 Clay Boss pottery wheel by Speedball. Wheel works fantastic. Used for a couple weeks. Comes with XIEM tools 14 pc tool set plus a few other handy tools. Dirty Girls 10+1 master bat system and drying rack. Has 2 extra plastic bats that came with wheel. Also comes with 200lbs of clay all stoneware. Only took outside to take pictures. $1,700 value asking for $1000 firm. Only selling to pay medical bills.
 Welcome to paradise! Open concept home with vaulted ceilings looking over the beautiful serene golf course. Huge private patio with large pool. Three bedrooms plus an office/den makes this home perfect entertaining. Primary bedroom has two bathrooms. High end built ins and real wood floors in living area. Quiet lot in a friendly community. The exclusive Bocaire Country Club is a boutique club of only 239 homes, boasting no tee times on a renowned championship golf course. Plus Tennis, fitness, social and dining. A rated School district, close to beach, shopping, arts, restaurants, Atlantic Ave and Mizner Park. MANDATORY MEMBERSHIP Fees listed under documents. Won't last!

* * * * *

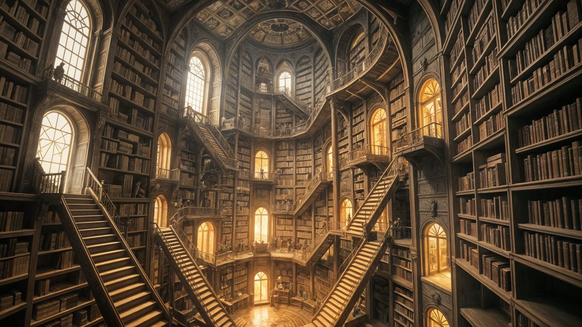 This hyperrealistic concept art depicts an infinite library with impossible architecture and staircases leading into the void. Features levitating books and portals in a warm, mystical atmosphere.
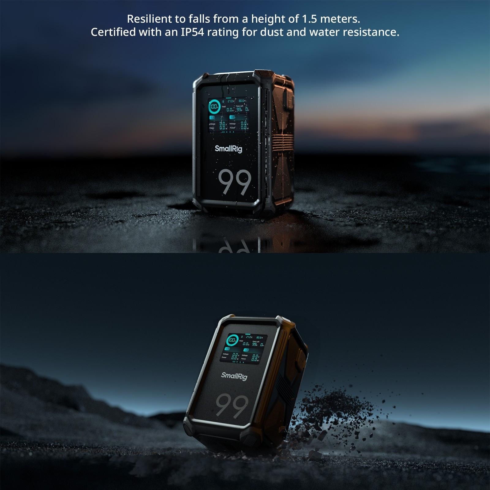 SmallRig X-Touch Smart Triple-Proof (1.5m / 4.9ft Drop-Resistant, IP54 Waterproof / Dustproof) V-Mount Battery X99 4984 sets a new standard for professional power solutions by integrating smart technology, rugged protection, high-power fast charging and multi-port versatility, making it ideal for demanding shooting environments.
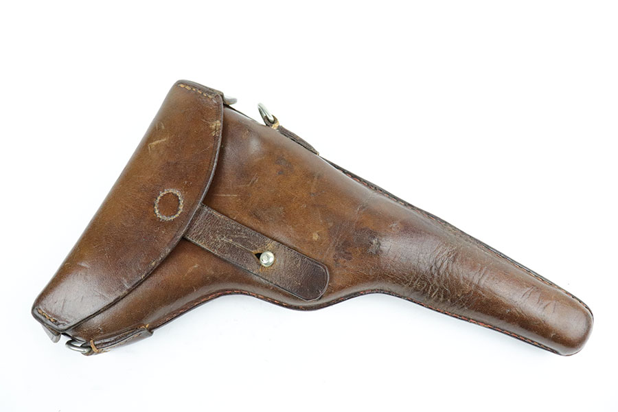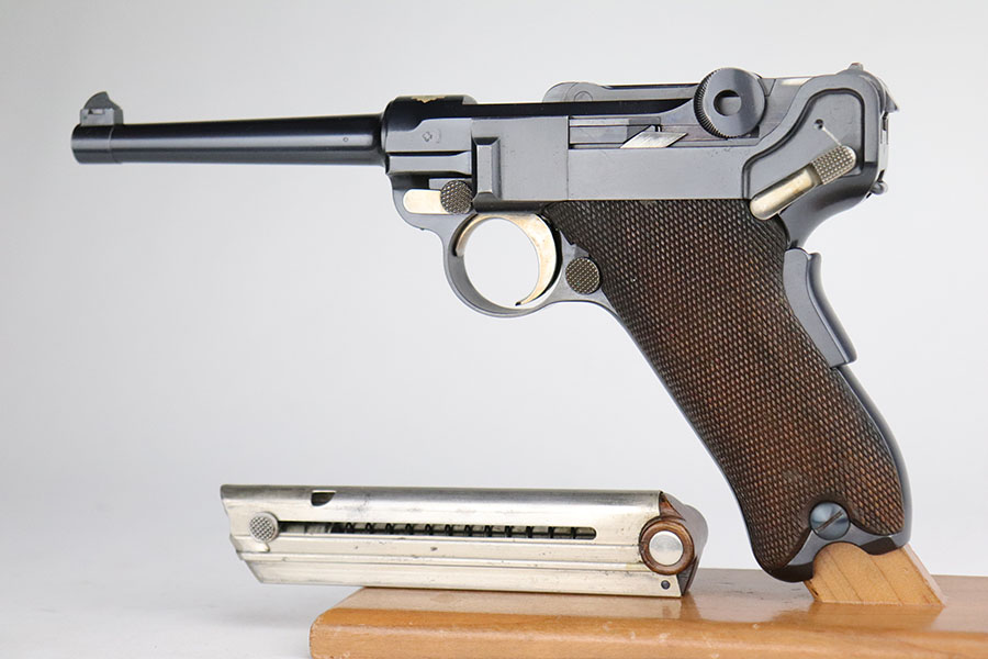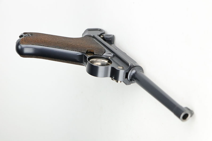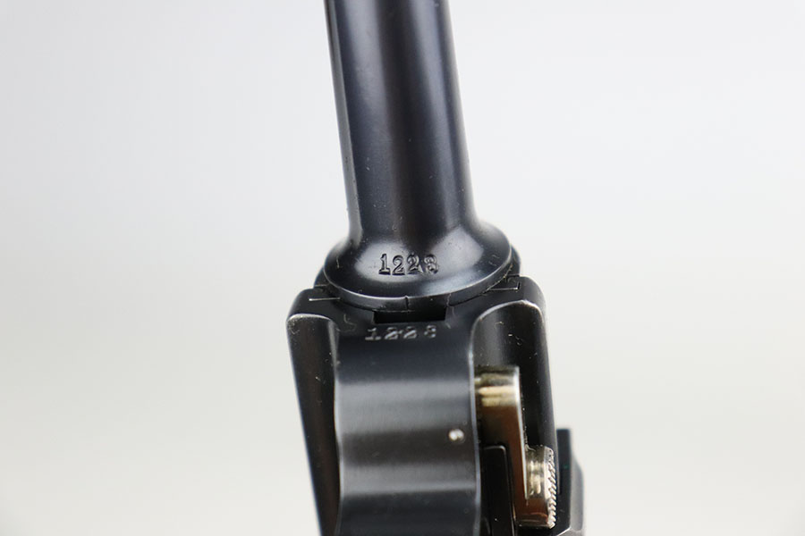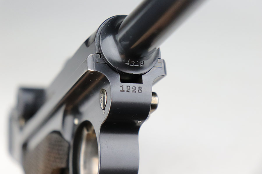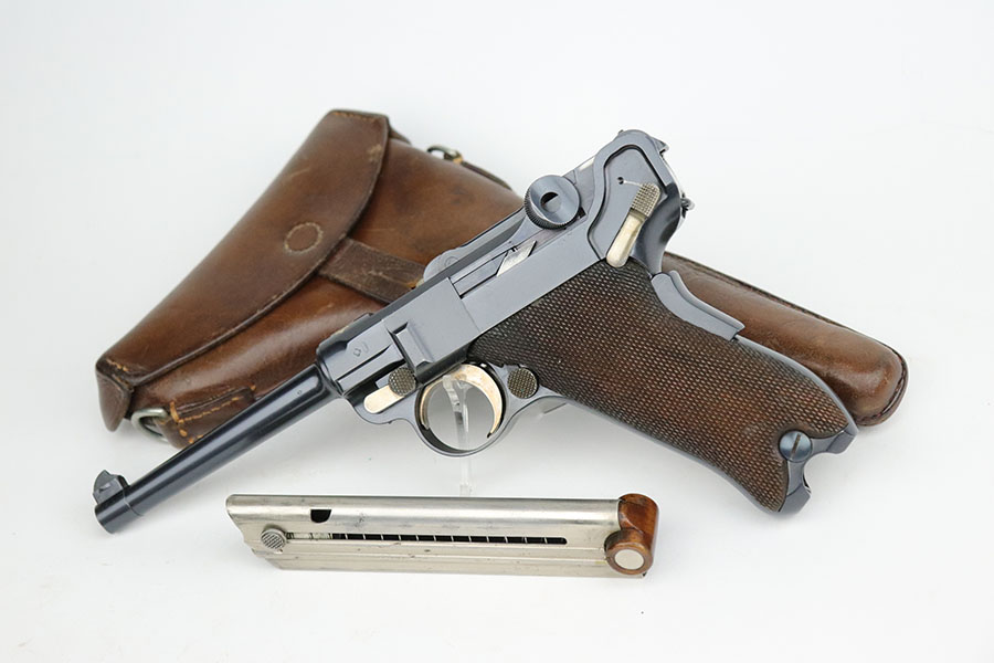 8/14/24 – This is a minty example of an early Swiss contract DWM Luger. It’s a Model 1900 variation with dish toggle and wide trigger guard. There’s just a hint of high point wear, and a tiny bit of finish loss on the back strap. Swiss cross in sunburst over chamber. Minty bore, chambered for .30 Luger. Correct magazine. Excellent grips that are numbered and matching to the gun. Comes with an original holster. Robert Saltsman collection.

* * * * *

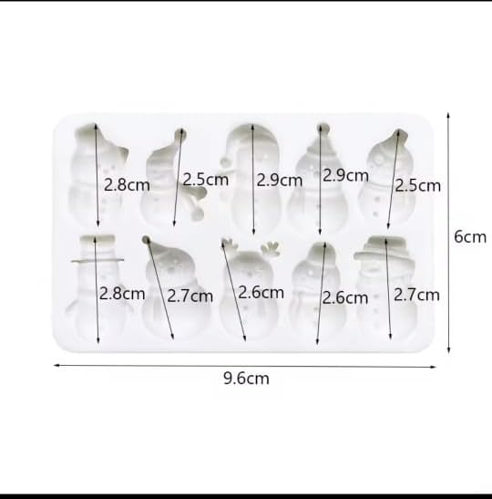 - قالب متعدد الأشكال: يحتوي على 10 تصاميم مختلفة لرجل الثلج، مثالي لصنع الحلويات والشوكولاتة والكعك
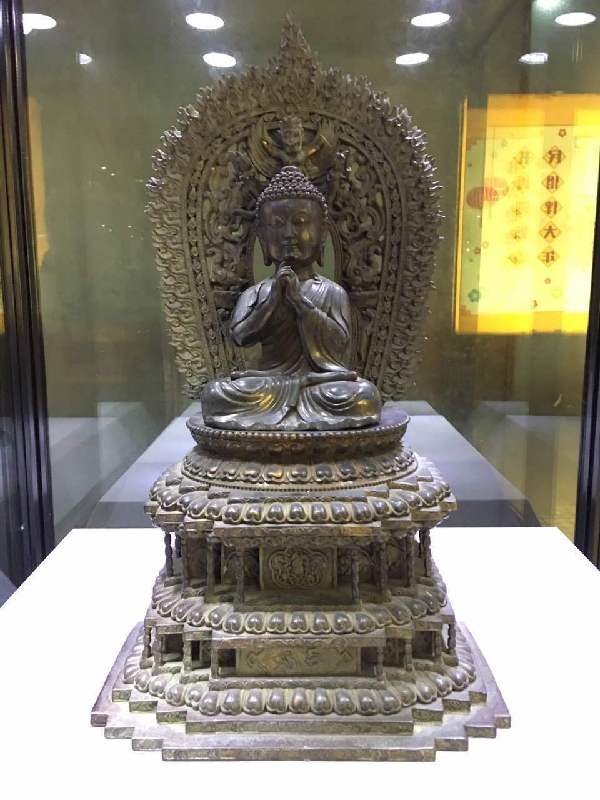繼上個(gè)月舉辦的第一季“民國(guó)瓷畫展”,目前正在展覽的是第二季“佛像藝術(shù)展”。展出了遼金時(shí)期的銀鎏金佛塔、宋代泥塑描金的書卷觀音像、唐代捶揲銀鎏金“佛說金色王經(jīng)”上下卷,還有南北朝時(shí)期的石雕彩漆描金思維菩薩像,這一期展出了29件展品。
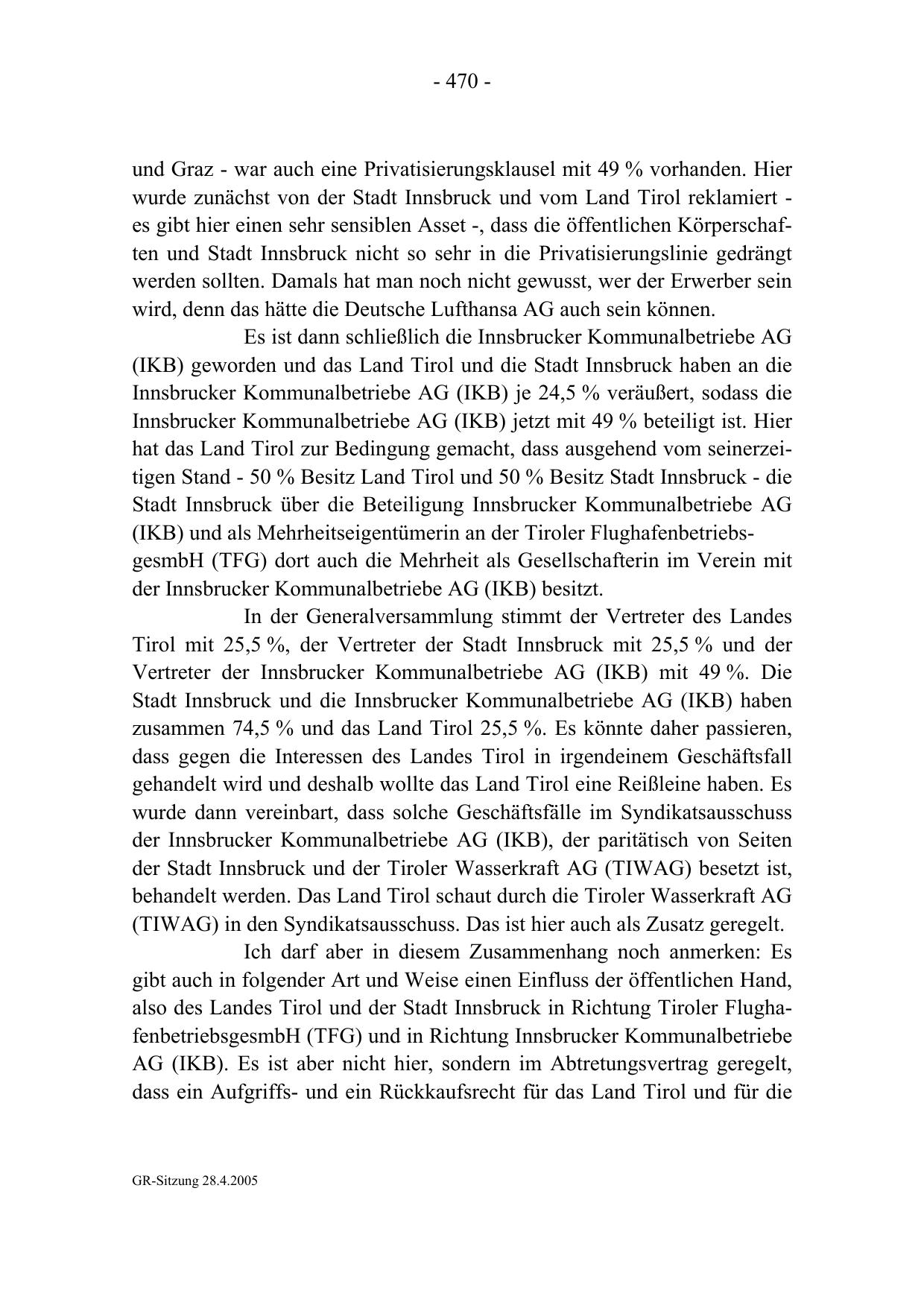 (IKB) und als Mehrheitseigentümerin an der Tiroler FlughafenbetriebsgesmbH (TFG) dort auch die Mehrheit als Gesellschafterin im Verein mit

* * * * *

## WORK INSTRUCTIONS
Work out how many lines in the records contain the word "plus", and give that number by itself.

## SOLUTION
2